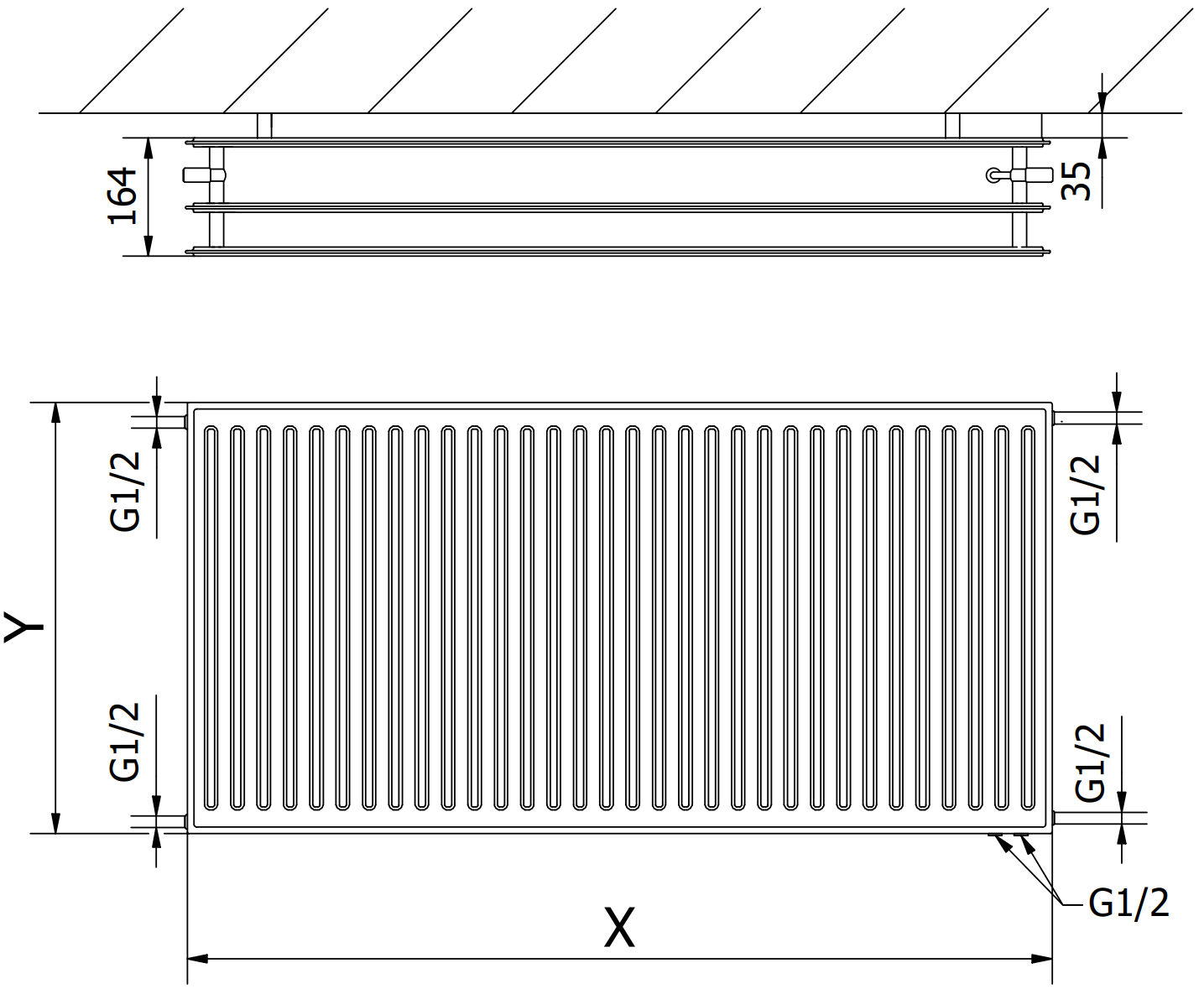 Vertikalių vandens kanalų tarpas: 33,3 mm
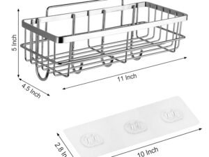 SaleOn Stainless Steel Adhesive Rack for Bathroom & Kitchen | Rust-Free Wall Mounted Shelf with Hooks | Strong Grip, Drainage Design, No Drill Multipurpose Organizer | Storage Adhesive Guaranteed
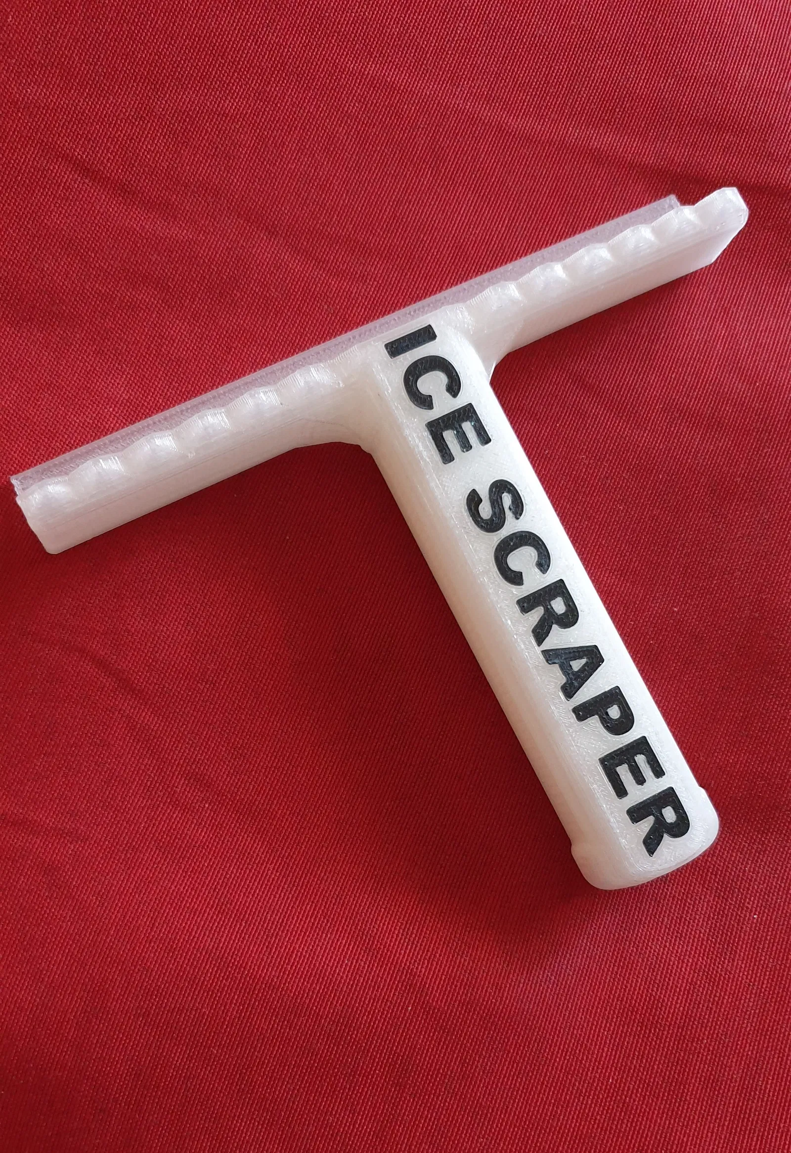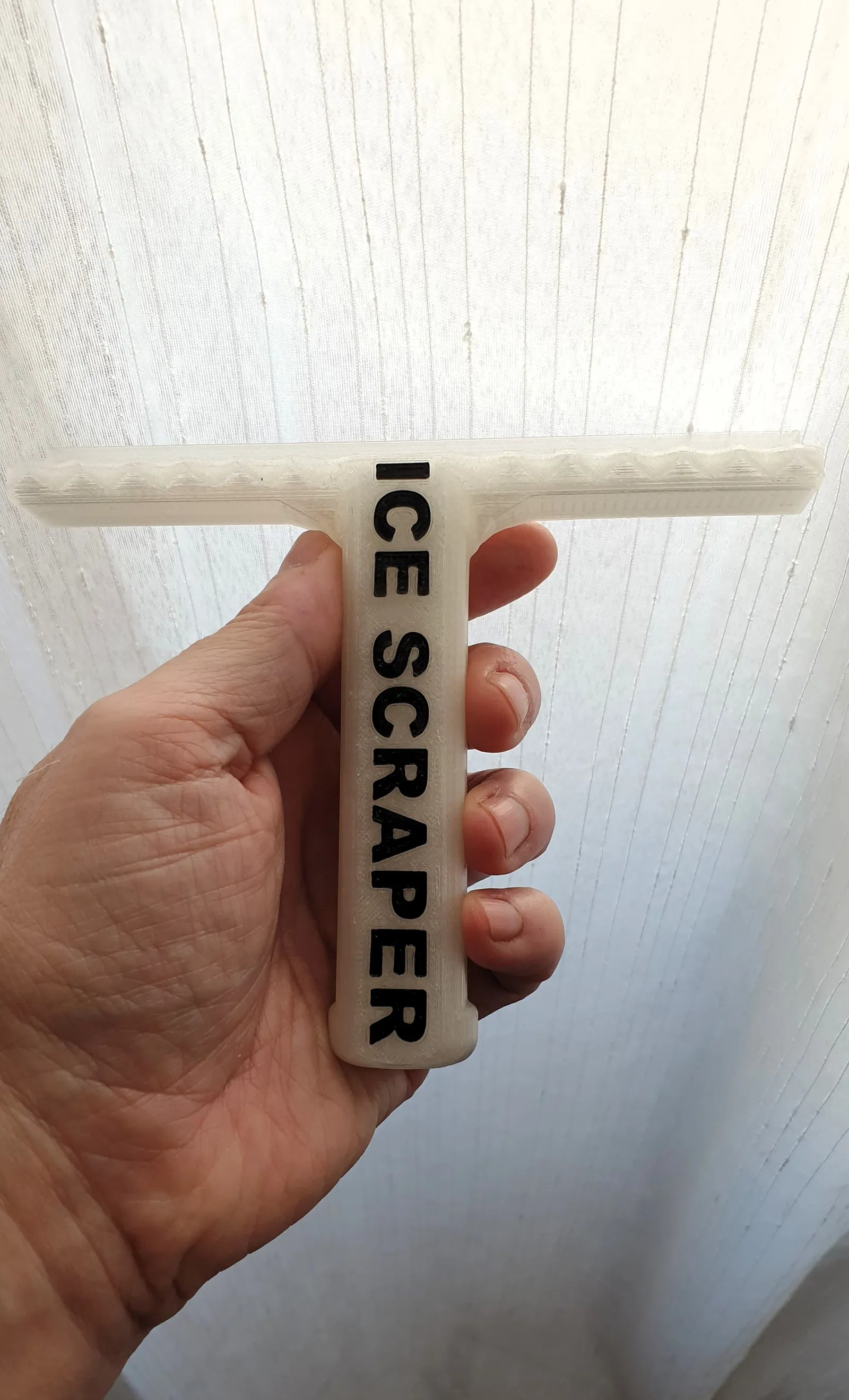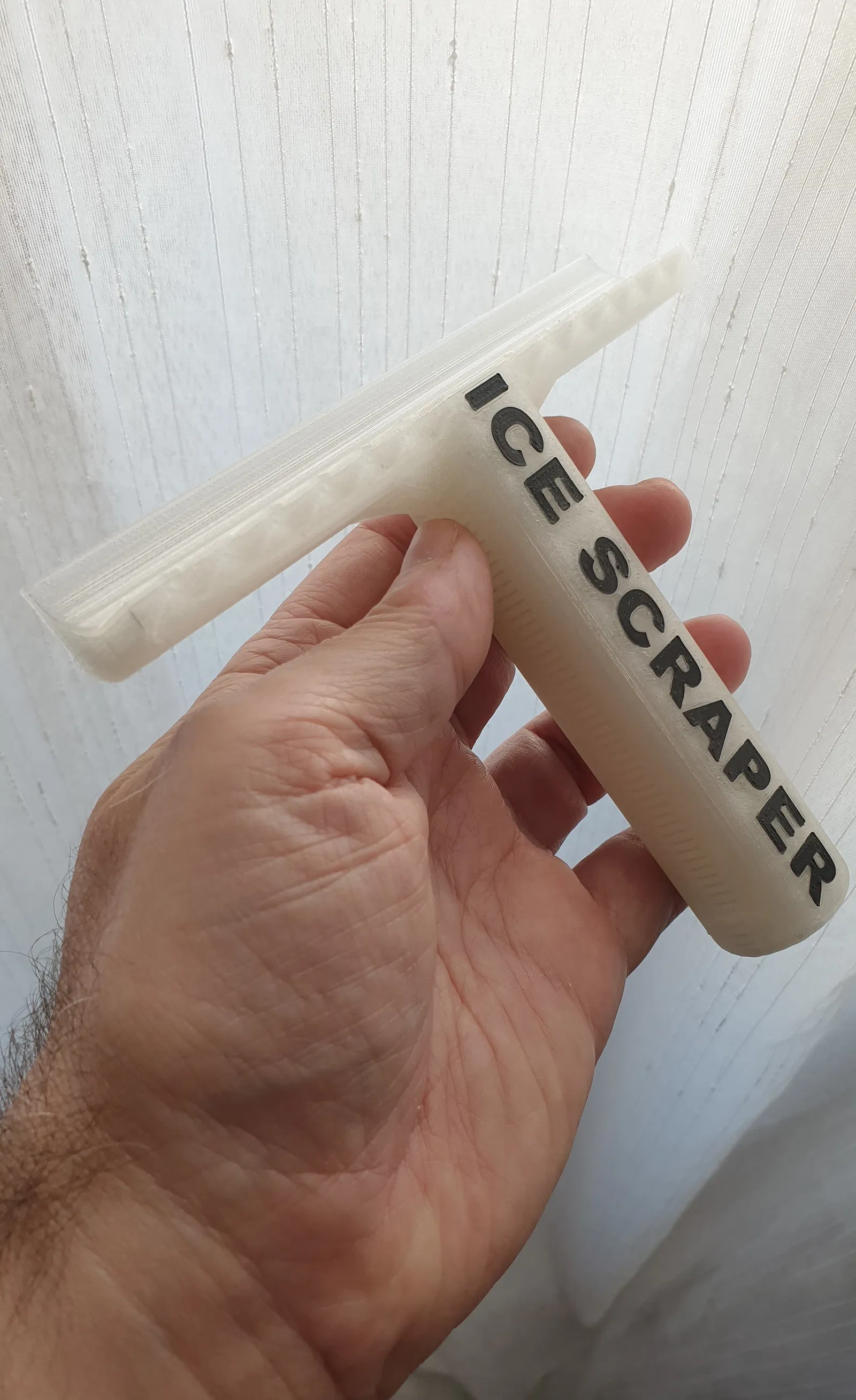 Trong những ngày lạnh giá này, còn gì bằng một cái cào băng mới siêu cứng cáp lại còn có tay cầm giải phẫu nữa chứ. Nó có hai phần riêng biệt; một phần để cào lớp băng cứng nhất và một phần để làm sạch lớp băng bám trên kính. Mỗi lần quẹt là phủ được bề ngang 15 cm. Nếu thích thì mấy bồ có thể dán mấy chữ mình để riêng trong file STL lên nữa nha. In không cần support, đổ đầy tối thiểu 60% để tăng độ cứng cáp nha.

**Assignment:** The data is to be returned exactly as it stands, pictures aside.

**Response box:**
 Vertikalių vandens kanalų tarpas: 33,3 mm
 SaleOn Stainless Steel Adhesive Rack for Bathroom & Kitchen | Rust-Free Wall Mounted Shelf with Hooks | Strong Grip, Drainage Design, No Drill Multipurpose Organizer | Storage Adhesive Guaranteed
 Trong những ngày lạnh giá này, còn gì bằng một cái cào băng mới siêu cứng cáp lại còn có tay cầm giải phẫu nữa chứ. Nó có hai phần riêng biệt; một phần để cào lớp băng cứng nhất và một phần để làm sạch lớp băng bám trên kính. Mỗi lần quẹt là phủ được bề ngang 15 cm. Nếu thích thì mấy bồ có thể dán mấy chữ mình để riêng trong file STL lên nữa nha. In không cần support, đổ đầy tối thiểu 60% để tăng độ cứng cáp nha.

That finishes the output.